# Data in this exercise
+===+
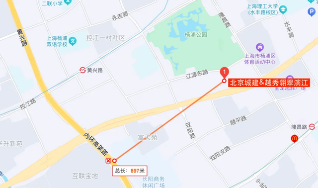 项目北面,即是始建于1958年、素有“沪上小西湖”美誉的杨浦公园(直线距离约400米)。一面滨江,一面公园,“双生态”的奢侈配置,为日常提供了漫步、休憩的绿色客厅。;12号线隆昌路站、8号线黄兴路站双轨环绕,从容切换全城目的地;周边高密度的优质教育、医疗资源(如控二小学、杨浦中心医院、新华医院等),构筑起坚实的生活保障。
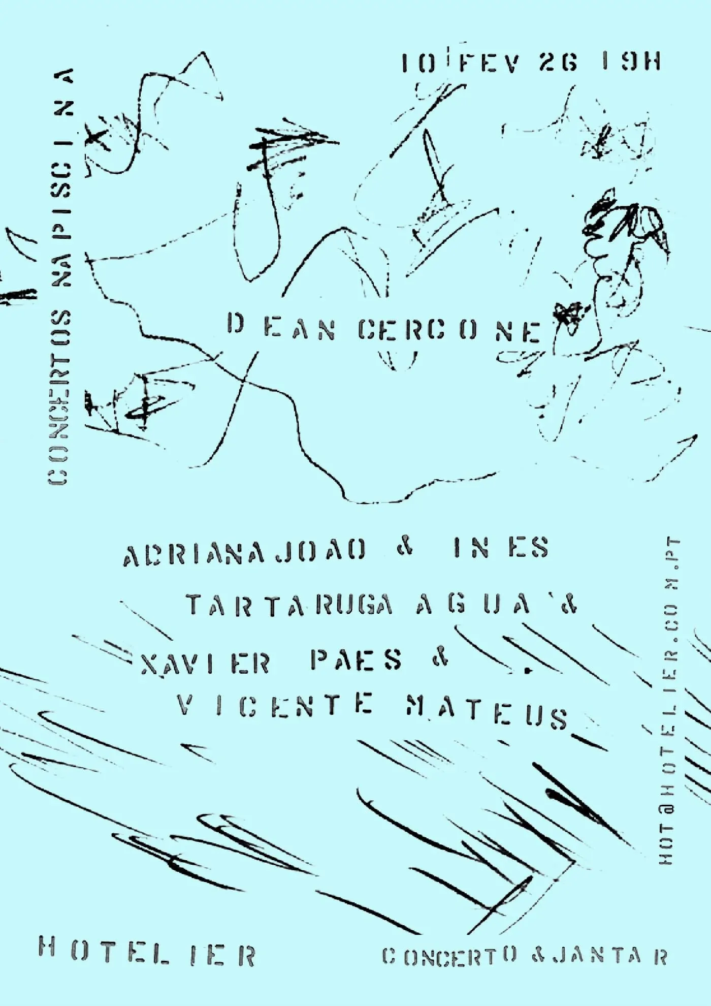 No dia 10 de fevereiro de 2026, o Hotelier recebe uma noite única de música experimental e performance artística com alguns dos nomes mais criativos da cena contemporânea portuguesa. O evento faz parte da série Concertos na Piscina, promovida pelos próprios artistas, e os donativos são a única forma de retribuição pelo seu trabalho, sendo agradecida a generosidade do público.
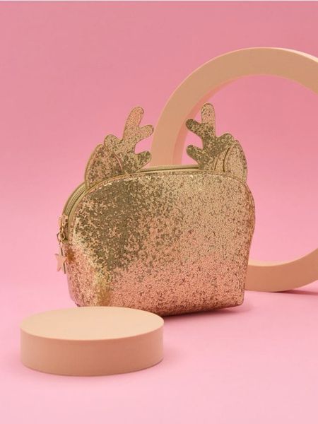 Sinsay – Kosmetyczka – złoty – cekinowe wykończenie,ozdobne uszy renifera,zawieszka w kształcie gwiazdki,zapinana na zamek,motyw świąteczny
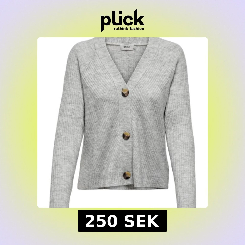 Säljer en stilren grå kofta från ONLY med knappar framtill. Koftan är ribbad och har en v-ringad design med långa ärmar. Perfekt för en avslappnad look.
+===+
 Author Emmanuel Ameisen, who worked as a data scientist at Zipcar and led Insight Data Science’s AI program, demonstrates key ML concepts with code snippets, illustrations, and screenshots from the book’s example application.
+===+
# Exercise instructions
From the entries above, copy exactly the lines starting at the one with "项目北面,即是始建于1958" and stopping at the one with "Säljer en stilren", keeping both ends. Drop the pictures.

# Response
 项目北面,即是始建于1958年、素有“沪上小西湖”美誉的杨浦公园(直线距离约400米)。一面滨江,一面公园,“双生态”的奢侈配置,为日常提供了漫步、休憩的绿色客厅。;12号线隆昌路站、8号线黄兴路站双轨环绕,从容切换全城目的地;周边高密度的优质教育、医疗资源(如控二小学、杨浦中心医院、新华医院等),构筑起坚实的生活保障。
 No dia 10 de fevereiro de 2026, o Hotelier recebe uma noite única de música experimental e performance artística com alguns dos nomes mais criativos da cena contemporânea portuguesa. O evento faz parte da série Concertos na Piscina, promovida pelos próprios artistas, e os donativos são a única forma de retribuição pelo seu trabalho, sendo agradecida a generosidade do público.
 Sinsay – Kosmetyczka – złoty – cekinowe wykończenie,ozdobne uszy renifera,zawieszka w kształcie gwiazdki,zapinana na zamek,motyw świąteczny
 Säljer en stilren grå kofta från ONLY med knappar framtill. Koftan är ribbad och har en v-ringad design med långa ärmar. Perfekt för en avslappnad look.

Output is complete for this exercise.